◆ Assigned task:
Starting at the first line of the records and stopping at the line that contains "在南川區(qū)大觀鎮(zh", transcribe every line exactly and leave out the pictures.

◆ Data provided:
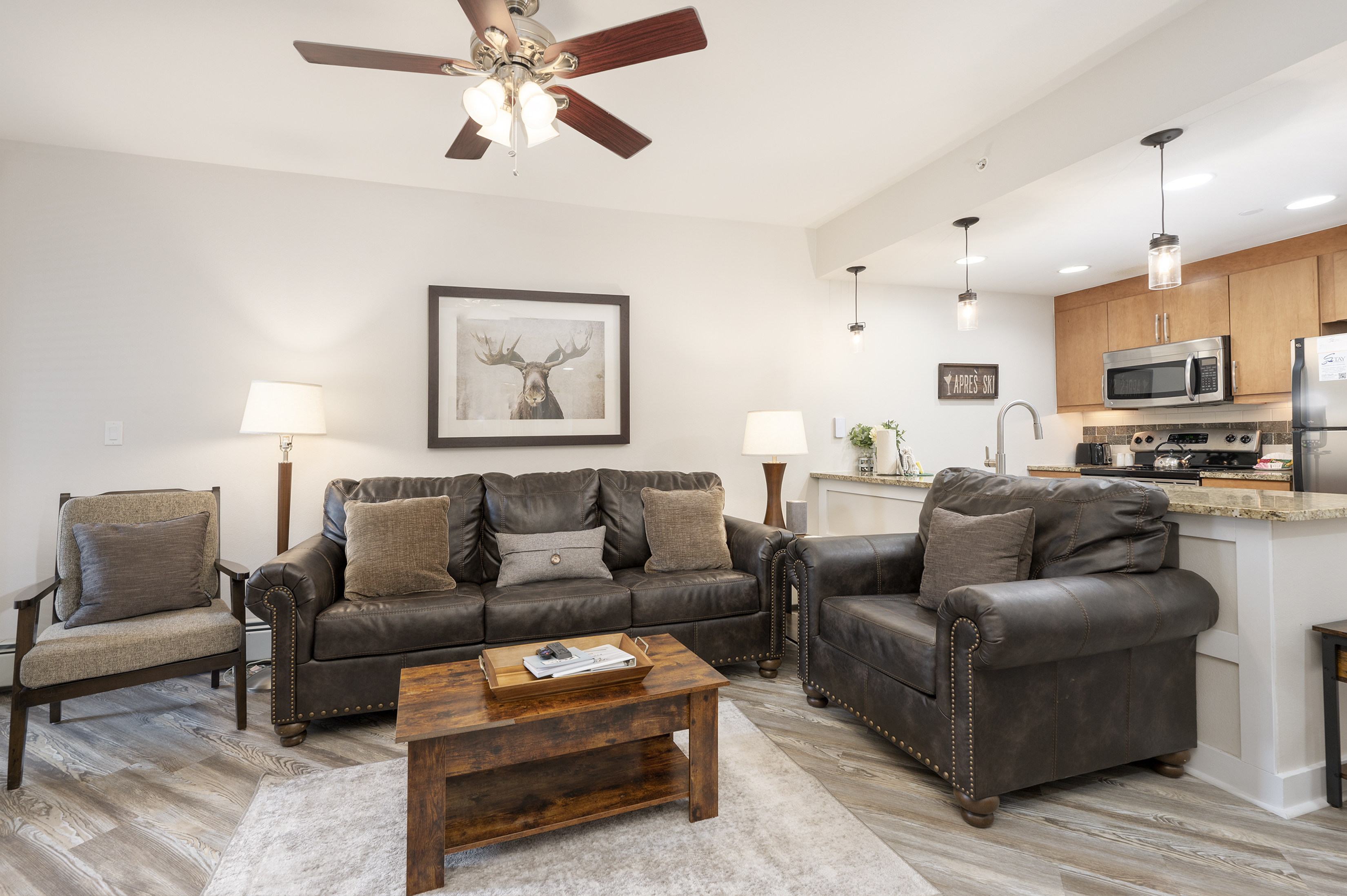 The additional square footage and views offered by this condo are a result of its corner unit location. The living space features a complete kitchen, dining area, and lounge equipped with a large flat-screen television, a gas fireplace, and a private balcony.
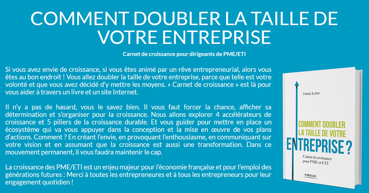 Le site du livre de Fanny Letier, Carnet de croissance pour PME et ETI, avec tous les outils du livre et toute la réflexion stratégique des dirigeants d'entreprises.
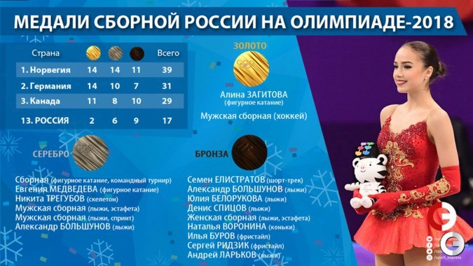 Зимние Олимпийские игры 2018 года проходили в корейском городе Пхёнчхане с 6 по 25 февраля. Спортсмены нашей страны завоевали 17 медалей, из них 2 золотые, 6 серебряных и 9 бронзовых. Выступая без флага, гимна, российской символики, а зачастую даже без тренеров и помощников, наши атлеты проявили невероятную силу воли и характер и выступили достойно.
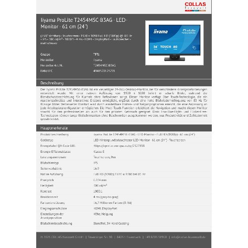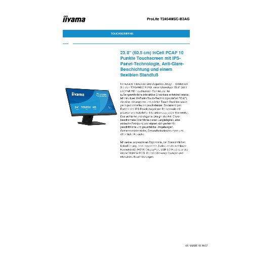 - Der iiyama ProLite T2454MSC-B3AG ist ein vielseitiger 24-Zoll-Desktop-Monitor, der für verschiedene Anzeigeanforderungen entwickelt wurde. Mit einer nativen Auflösung von 1920 x 1080 liefert er scharfe Bilder, während die Blendschutzbeschichtung für Klarheit ohne Reflexionen sorgt. Dieser Monitor verfügt über Touch-Technologie, die ein reaktionsschnelles und interaktives Erlebnis ermöglicht, ergänzt durch eine hohe Bildwiederholfrequenz von 83 Hz für flüssige Bilder. Verbesserter Komfort wird durch einstellbare Höhen- und Neigungsoptionen erreicht, die eine Anpassung an jede Arbeitsplatzkonfiguration ermöglichen. Die Multi-Touch-Funktion erleichtert die Navigation und macht diesen Monitor sowohl für den professionellen als auch für den privaten Gebrauch geeignet. Dank Low-Blue-Light- und Flicker-Free-Technologien können lange Bildschirmzeiten ohne Beschwerden ausgekommen werden, was Produktivität und Zufriedenheit gewährleistet.
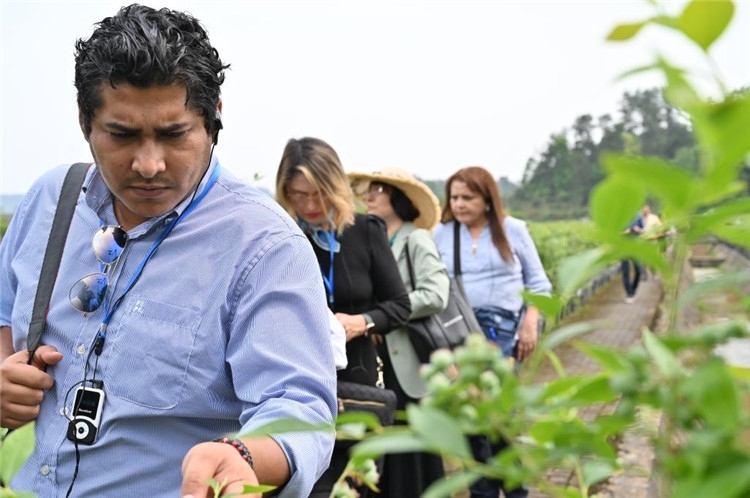 在南川區(qū)大觀鎮(zhèn)藍莓產業(yè)示范基地,代表團成員觀摩了先進的全基質種植技術。對于這片種植面積2000余畝、帶動當?shù)?000余名農民就近就業(yè)的項目,一名代表團成員有感而發(fā):“洪都拉斯也是一個農產品生產大國,期待未來兩國能夠開展技術培訓、技術援助方面的合作,將中國的種植經驗、智能的種植系統(tǒng)傳播到洪都拉斯,為當?shù)孛癖妿ブ赂坏臋C遇,促進當?shù)氐纳a和發(fā)展?!?/p>
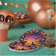 Adicione um toque de charme assustador às suas celebrações de Halloween com estas placas de papel lindamente desenhadas. Apresentando um fundo de gradiente vibrante que transita de roxo escuro para laranja brilhante, essas placas são adoradas com elementos clássicos do Dia das Bruxas. A intrincada fronteira das folhas do outono, abóboras e teias de aranha estabelece o palco de uma atmosfera festiva. Dentro na fronteira, você encontrará morcegos brincalhões, aranhas, um gato preto, e abóboras entalhadas, tudo contra o fundo do céu noturno. Perfeito para as festas de Halloween, estas pratos certamente agradam aos seus convidados e adicionam um talento festivo à sua mesa.
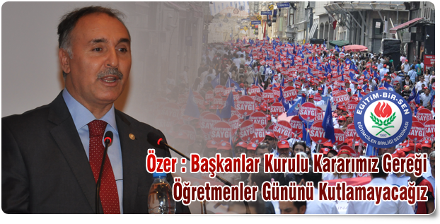 Ahmet Özer, 2012 Toplu Sözleşme süreci sonrası Kızılcahamam’da yaptıkları 23. Başkanlar Kurulu toplantısının sonuç bildirgesinde, “Öğretmenlik mesleğinin ekonomik ve mesleki itibarını hedef alan yaklaşımlar bertaraf edilmediği sürece 24 Kasım Öğretmenler Günü etkinlikleri yapılmamalı ve hiç kimse kutlama mesajı yayınlamamalıdır” kararı aldıklarını ve bunu kamuoyuyla paylaştıklarını hatırlattı. Özer, “Karar almamıza neden olan sebepler henüz ortadan kaldırılmadığı için Eğitim-Bir-Sen teşkilatı olarak aldığımız karar gereği 24 Kasım’a özel kutlama anlamı taşıyacak (yemekli toplantı, öğretmenler buluşması, sportif turnuvalar vb) herhangi bir faaliyet icra edilmeyecektir.” diye konuştu.
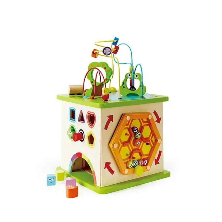 Labirinti, okretna ploča, umetaljka, oblici, poluge i različita stvorenja koja lete, plivaju ili krekeću čine šarenu motoričku kocku od pet strana centralnom aktivnosti za djecu. Motorička kocka insprirana je životinjama. Potiče razvoj motoričkih vještina, logičkog razmišljanja, ustrajnosti, vizualne percepcije.
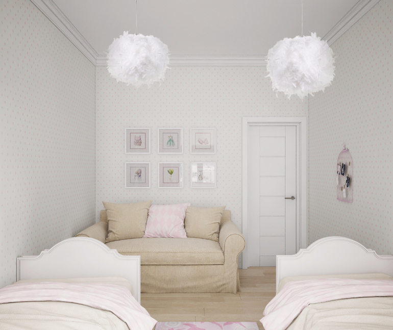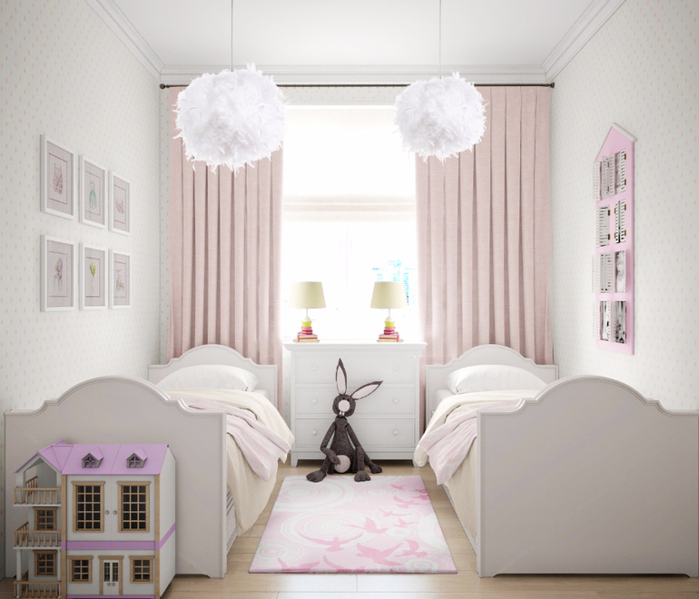 Детская. Выполнена в пастельных оттенках. Нежно-розовый, белый и беж.
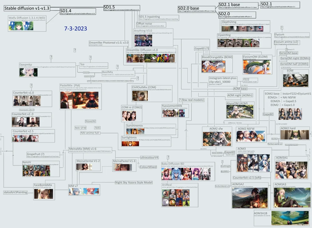 People continued to fine-tune NAI and merge the fine-tunes, creating the ecosystem of models we know today.
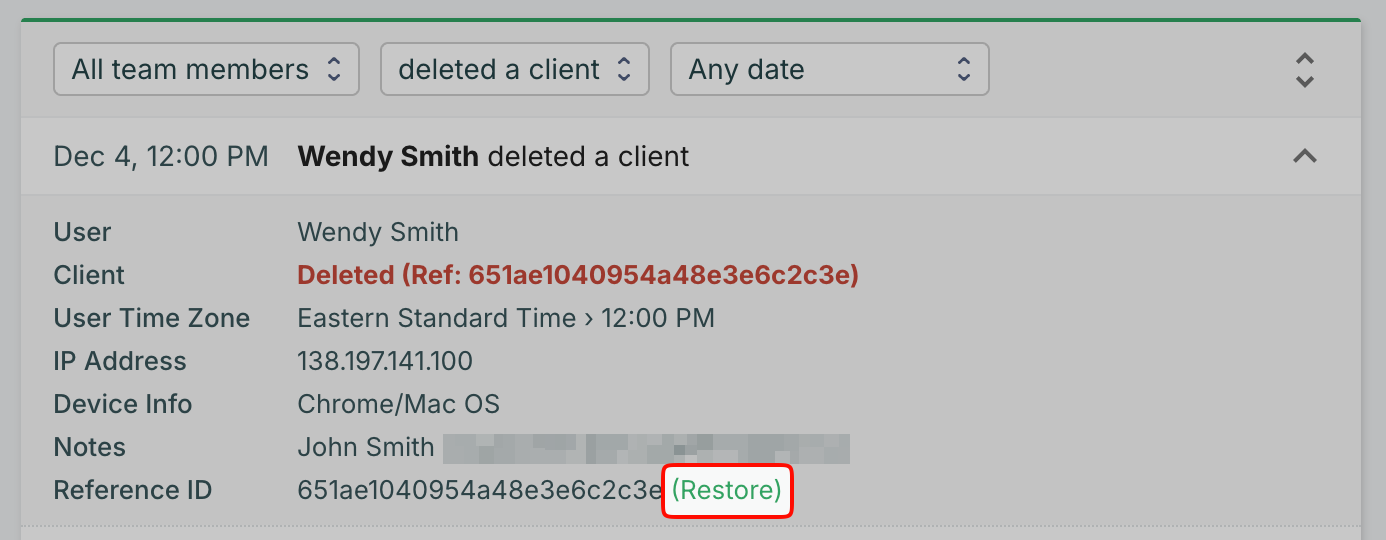 - Click Restore at the bottom of the entry. This option is available for clients deleted within the last 60 days.

◆ Answer to this task:
 The additional square footage and views offered by this condo are a result of its corner unit location. The living space features a complete kitchen, dining area, and lounge equipped with a large flat-screen television, a gas fireplace, and a private balcony.
 Le site du livre de Fanny Letier, Carnet de croissance pour PME et ETI, avec tous les outils du livre et toute la réflexion stratégique des dirigeants d'entreprises.
 Зимние Олимпийские игры 2018 года проходили в корейском городе Пхёнчхане с 6 по 25 февраля. Спортсмены нашей страны завоевали 17 медалей, из них 2 золотые, 6 серебряных и 9 бронзовых. Выступая без флага, гимна, российской символики, а зачастую даже без тренеров и помощников, наши атлеты проявили невероятную силу воли и характер и выступили достойно.
 - Der iiyama ProLite T2454MSC-B3AG ist ein vielseitiger 24-Zoll-Desktop-Monitor, der für verschiedene Anzeigeanforderungen entwickelt wurde. Mit einer nativen Auflösung von 1920 x 1080 liefert er scharfe Bilder, während die Blendschutzbeschichtung für Klarheit ohne Reflexionen sorgt. Dieser Monitor verfügt über Touch-Technologie, die ein reaktionsschnelles und interaktives Erlebnis ermöglicht, ergänzt durch eine hohe Bildwiederholfrequenz von 83 Hz für flüssige Bilder. Verbesserter Komfort wird durch einstellbare Höhen- und Neigungsoptionen erreicht, die eine Anpassung an jede Arbeitsplatzkonfiguration ermöglichen. Die Multi-Touch-Funktion erleichtert die Navigation und macht diesen Monitor sowohl für den professionellen als auch für den privaten Gebrauch geeignet. Dank Low-Blue-Light- und Flicker-Free-Technologien können lange Bildschirmzeiten ohne Beschwerden ausgekommen werden, was Produktivität und Zufriedenheit gewährleistet.
 在南川區(qū)大觀鎮(zhèn)藍莓產業(yè)示范基地,代表團成員觀摩了先進的全基質種植技術。對于這片種植面積2000余畝、帶動當?shù)?000余名農民就近就業(yè)的項目,一名代表團成員有感而發(fā):“洪都拉斯也是一個農產品生產大國,期待未來兩國能夠開展技術培訓、技術援助方面的合作,將中國的種植經驗、智能的種植系統(tǒng)傳播到洪都拉斯,為當?shù)孛癖妿ブ赂坏臋C遇,促進當?shù)氐纳a和發(fā)展?!?/p>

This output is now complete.